**What the task requires**
Every line of the data below should be retyped exactly, with no images carried over.
== Input data
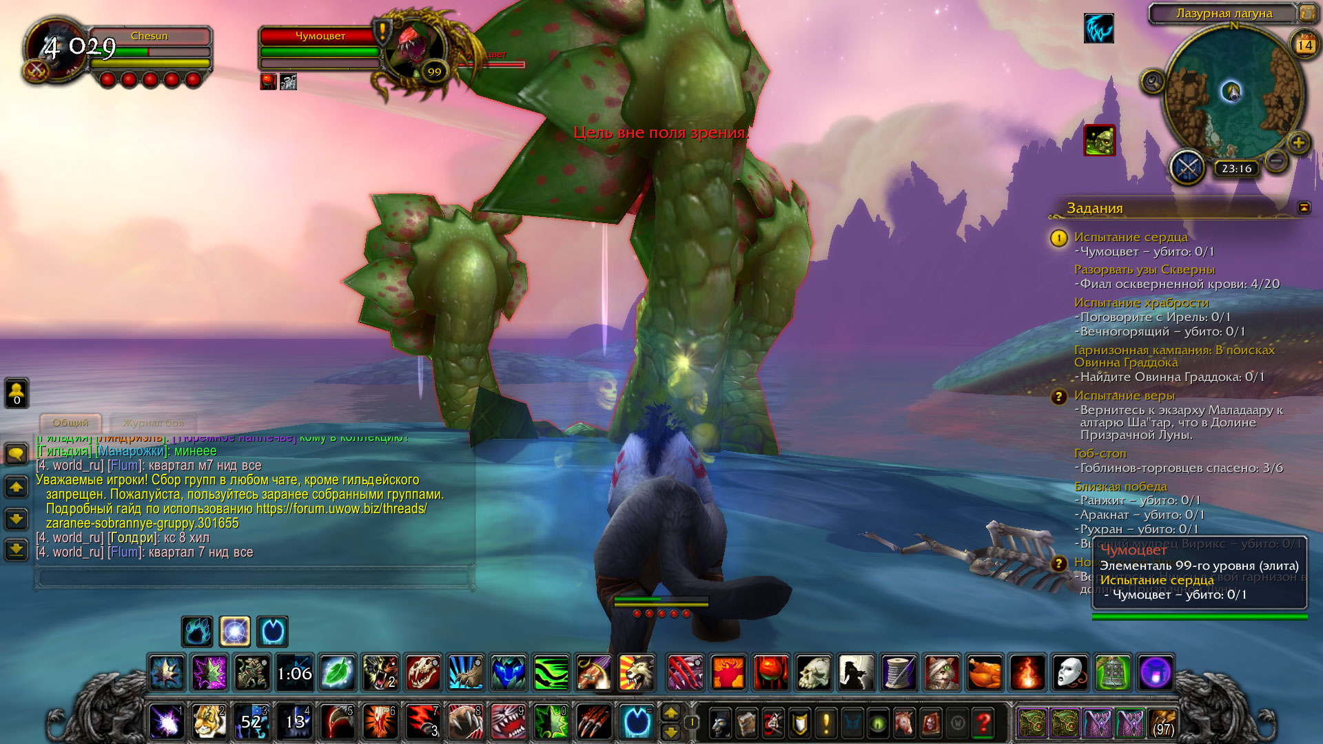 Descriptionсобственно когда берешь квест прилетаешь в Награнд и начинаешь атаковать NPC "Чумоцвет" пишет Цель вне поля зрения.
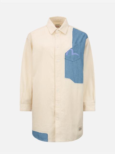 TEAR-OFF DESIGN FABRIC BLOCKING CORDUROY SHIRT DRESS
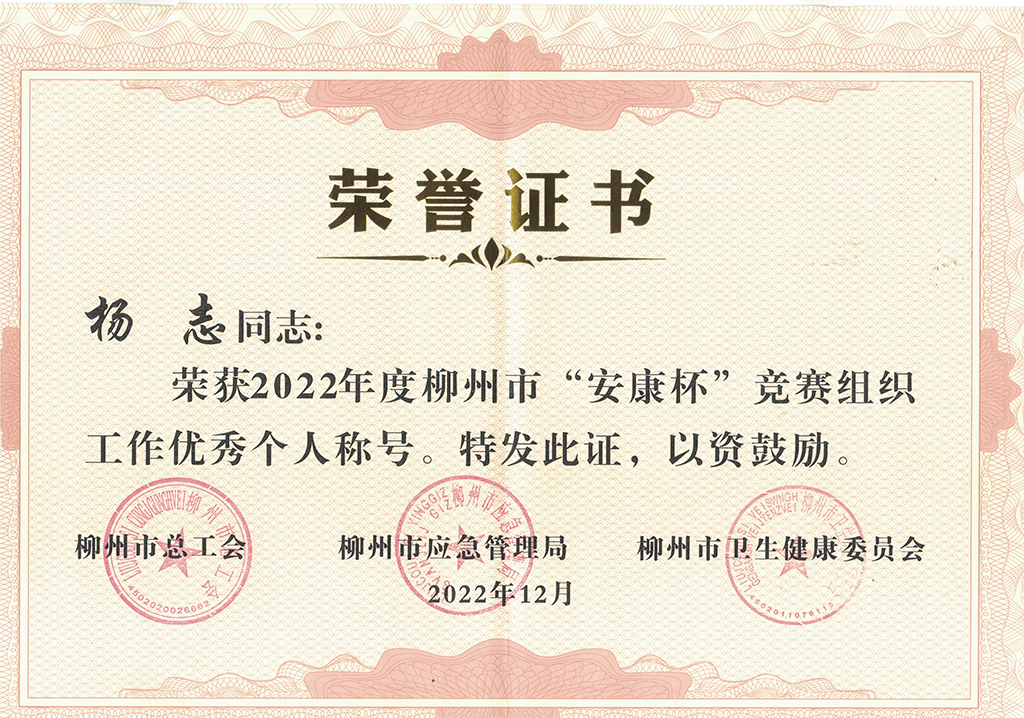 3月7日,在柳東新區(qū)(高新區(qū))總工會2022年工作表彰會上,科虹公司榮獲由柳州市總工會、柳州市應急管理部、柳州市國家衛(wèi)生健康委員會聯(lián)合頒發(fā)的2022年度柳州市“安康杯”競賽優(yōu)勝單位稱號,楊志同志榮獲競賽組織工作優(yōu)秀個人稱號。
====
**Response to the exercise**
 Descriptionсобственно когда берешь квест прилетаешь в Награнд и начинаешь атаковать NPC "Чумоцвет" пишет Цель вне поля зрения.
 TEAR-OFF DESIGN FABRIC BLOCKING CORDUROY SHIRT DRESS
 3月7日,在柳東新區(qū)(高新區(qū))總工會2022年工作表彰會上,科虹公司榮獲由柳州市總工會、柳州市應急管理部、柳州市國家衛(wèi)生健康委員會聯(lián)合頒發(fā)的2022年度柳州市“安康杯”競賽優(yōu)勝單位稱號,楊志同志榮獲競賽組織工作優(yōu)秀個人稱號。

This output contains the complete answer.